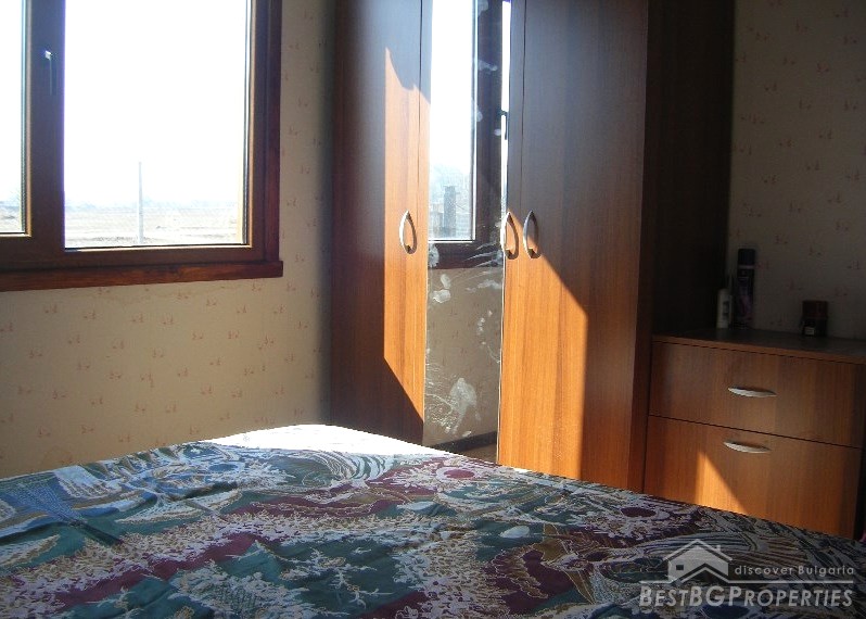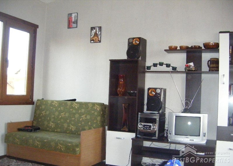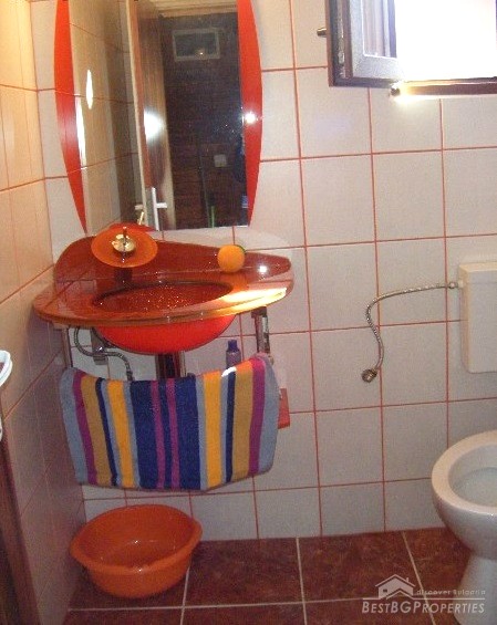 The inside finishing of the house is turnkey – terracotta, granite tiles, laminate and wooden flooring. The walls are finished with wallpapers and wood paneling. The distribution of the premises is as follows: two bedrooms, living room, kitchen, bathroom with WC, closet and a hallway.
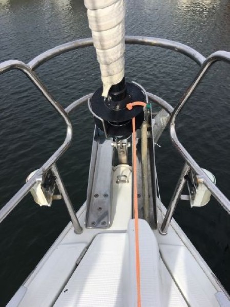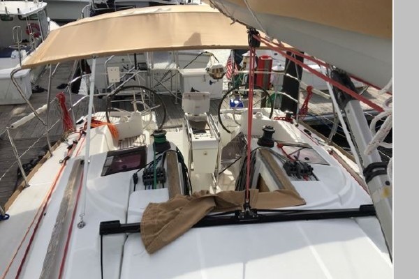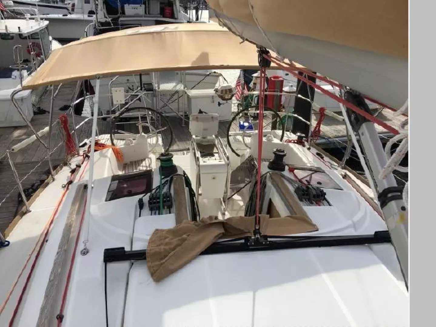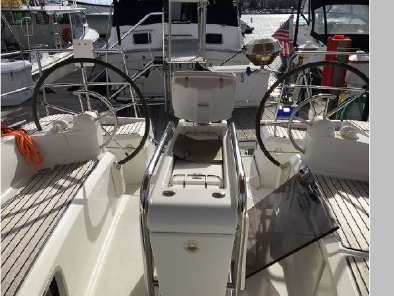 Her deck layout is very comfortable with easy access to the fore deck due to plenty of room on deck. Her cockpit is large and offers a centerline pedestal for electronics or I-pads and has a fixed centerline table with drop leaves so when at anchor one can enjoy dining in the cockpit.
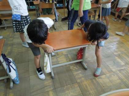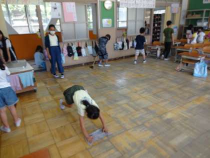 掃除時間が終わると「がんばったから汗が出てきた!」と言っていました。
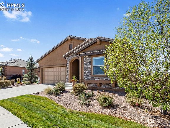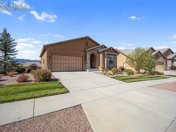 This bright and open ranch-style home in the desirable Flying Horse neighborhood offers stunning mountain views and access to award-winning Academy District 20 schools. Enjoy an ideal location with easy access to downtown Colorado Springs, the Air Force Academy, and major routes via I-25 and Highway 83. Inside, the renovated kitchen features granite countertops and wired under-cabinet lighting, flowing seamlessly into open living and dining areas with real hardwood floors. The primary suite is a serene retreat with a large picture window and updated bath featuring a tiled walk-in shower and barn door for privacy. Main-floor living continues with two additional bedrooms, main floor laundry, and an updated bathroom, making everyday life effortless. The finished walkout basement adds bright, versatile space with a spacious family room, built-ins for TV equipment (pre-wired for 7.2 sound system), and a flex room with double barn doors. Two more bedrooms with generous closets, a bathroom with double split vanities, and built-in shelving complete the lower level. Garden-level windows bring in natural light, while plantation shutters add style and comfort. Ample storage includes a large unfinished area with workbench cabinet. Step outside to take in Pikes Peak views and Thunderbird flyovers from the Trex deck with a remote-operated screen, or enjoy the walkout patio that extends to the backyard green space. Outdoor yard maintenance, snow, and trash removal are all handled by the HOA, making both front and back yards easy to enjoy. Every detail has been designed for comfort and convenience—from front stone accents and new carpet with extra padding, to custom tri-light blinds and double access utility doors. Whether it’s cozy evenings by the fireplace, sunny afternoons on the deck, or family gatherings in the basement, this home invites you to live fully and comfortably. It’s more than a house—it’s the perfect backdrop for your everyday story.
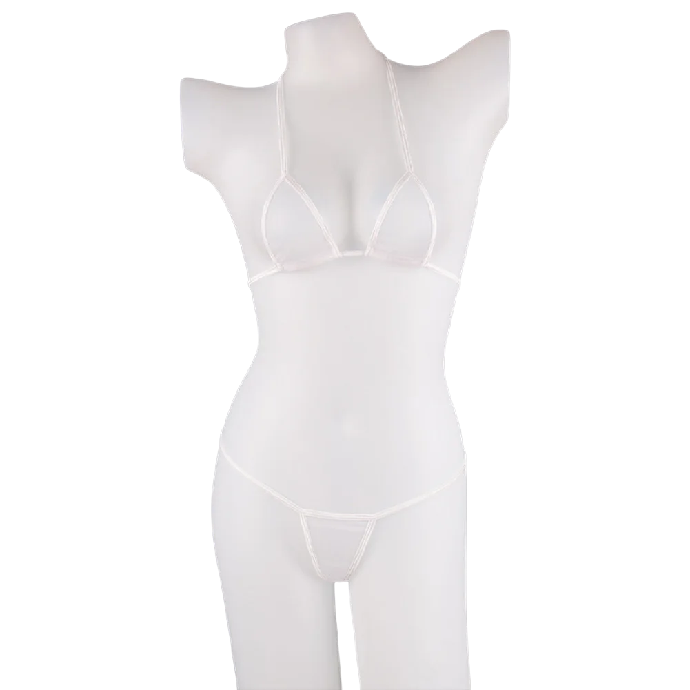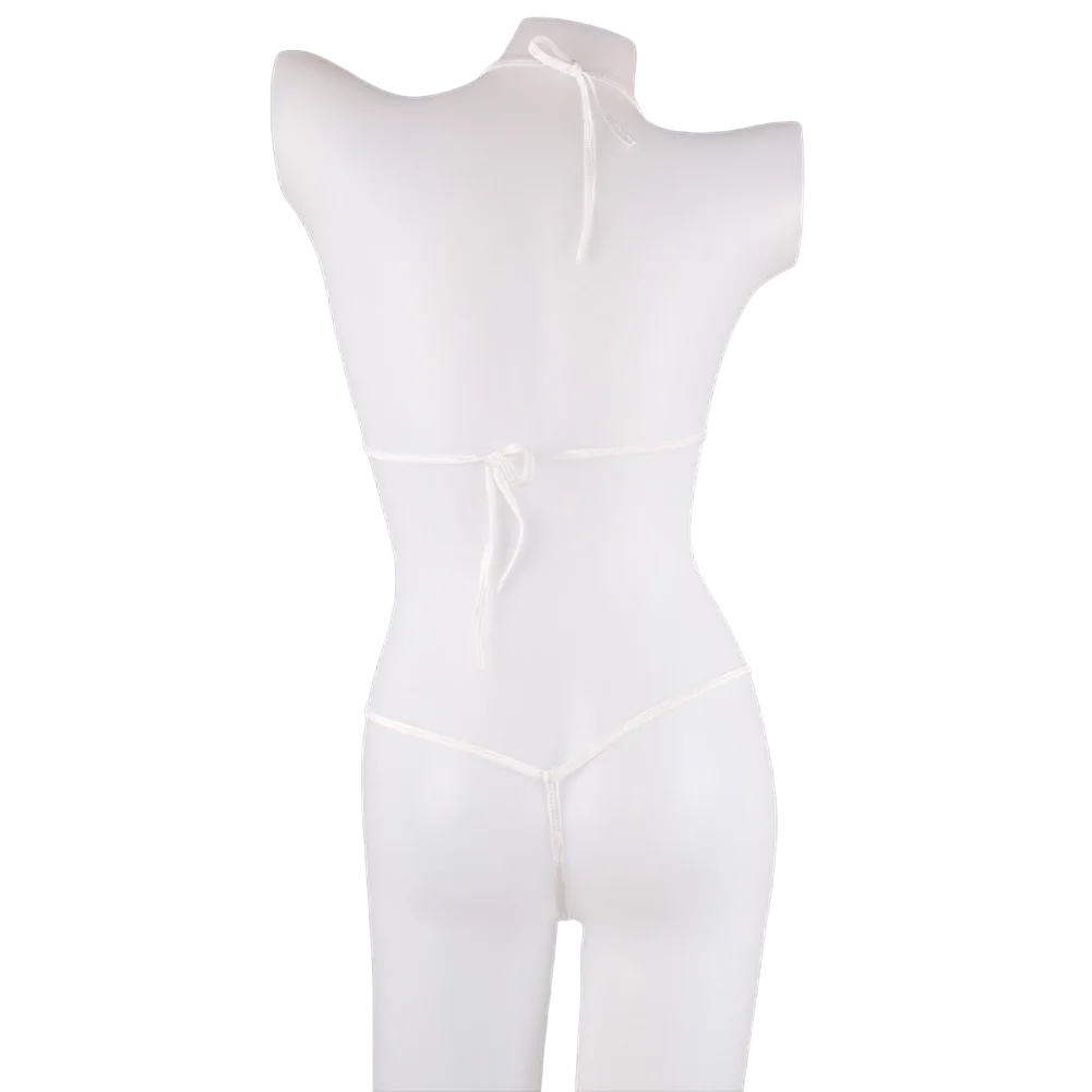 Damskie mikrobikini, które posiada wiązany biustonosz. Dwuczęściowy kostium jest prześwitujący.

- **Required work**: Transcribe exactly the lines that run from the first line of the records above through the line with "掃除時間が終わると「がんばったから汗が出てきた!」と言っていました。", and include both of those lines; pictures stay out.

- **Exercise response**:
 The inside finishing of the house is turnkey – terracotta, granite tiles, laminate and wooden flooring. The walls are finished with wallpapers and wood paneling. The distribution of the premises is as follows: two bedrooms, living room, kitchen, bathroom with WC, closet and a hallway.
 Her deck layout is very comfortable with easy access to the fore deck due to plenty of room on deck. Her cockpit is large and offers a centerline pedestal for electronics or I-pads and has a fixed centerline table with drop leaves so when at anchor one can enjoy dining in the cockpit.
 掃除時間が終わると「がんばったから汗が出てきた!」と言っていました。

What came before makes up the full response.